**TASK ITEM**
Whenever the word "seit" appears in a line of the listing, copy that line.
= Beginning of Section =
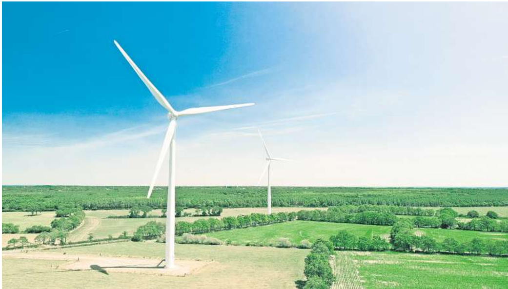
Klimafreundliche Energie: 409 moderne Windräder mit einer Gesamtleistung von 2,2 Gigawatt gingen 2024 ans Netz – so viel wie seit 2017 nicht mehr.

Dabei wurde im ersten Halbjahr kräftig gewerkelt: 409 moderne Windräder mit einer Gesamtleistung von 2,2 Gigawatt gingen ans Netz – so viel wie seit 2017 nicht mehr. Der Bundesverband Windenergie (BWE) und die Herstellerlobby VDMA Power Systems erwarten, dass dieses Jahr bis zu 5,3 Gigawatt hinzukommen. Das würde aber bedeuten, dass die Latte erneut gerissen wird. „Den positiven Entwicklungen zum Trotz klappt eine Lücke zwischen dem tatsächlichen
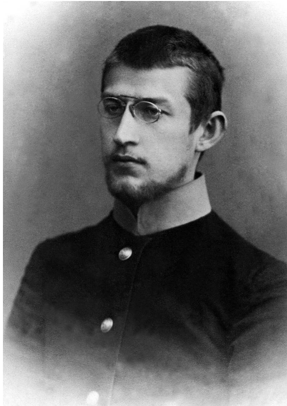
Яков Бойков. Тверская Духовная семинария
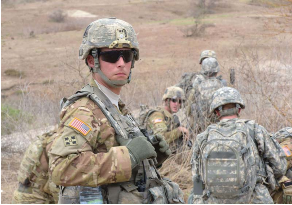
تقليص القوات الأميركية في أفريقيا مغامرة

الولايات المتحدة تدرج فرعي داعش في موزمبيق والكونغو على قوائم الإرهاب
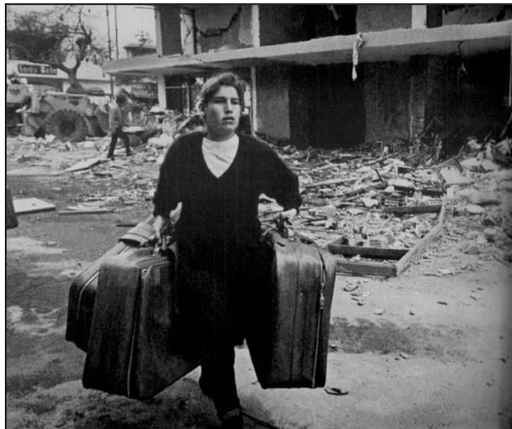
Exposición de la Comisión de la Verdad y Reconciliación. Perú

Desde que el individuo se forja en diálogo sostenido con el entorno social, del que emerge y al que a su vez configura, aportando sus vivencias, representaciones, fantasías, acciones, el efecto de la violencia política es multidimensional. En lo individual devasta cuerpos y mentes, en lo social desarticula los vínculos, los presupuestos de seguridad garantes de la construcción de una historia colectiva coherente, en proceso de perpetua elaboración. Tanto a nivel individual como colectivo los sentidos y modos de afrontamiento normales son sobrepasados por la intensidad del trauma y mecanismos de adaptación de emergencia entran en juego pero el procesamiento de lo vivido, lo visto, lo sentido, suponen una rearticulación forzada (y muchas veces distorsionada) de los referentes en los que los individuos y grupos apoyan su identidad. El tiempo y las imágenes "se congelan", reverberan sobre las representaciones en la vivencia de la historia previa al hecho disruptivo y en la proyección (o falta de ella) hacia el futuro.
= End of Section =
**EXERCISE RESULT**
Klimafreundliche Energie: 409 moderne Windräder mit einer Gesamtleistung von 2,2 Gigawatt gingen 2024 ans Netz – so viel wie seit 2017 nicht mehr.
Dabei wurde im ersten Halbjahr kräftig gewerkelt: 409 moderne Windräder mit einer Gesamtleistung von 2,2 Gigawatt gingen ans Netz – so viel wie seit 2017 nicht mehr. Der Bundesverband Windenergie (BWE) und die Herstellerlobby VDMA Power Systems erwarten, dass dieses Jahr bis zu 5,3 Gigawatt hinzukommen. Das würde aber bedeuten, dass die Latte erneut gerissen wird. „Den positiven Entwicklungen zum Trotz klappt eine Lücke zwischen dem tatsächlichen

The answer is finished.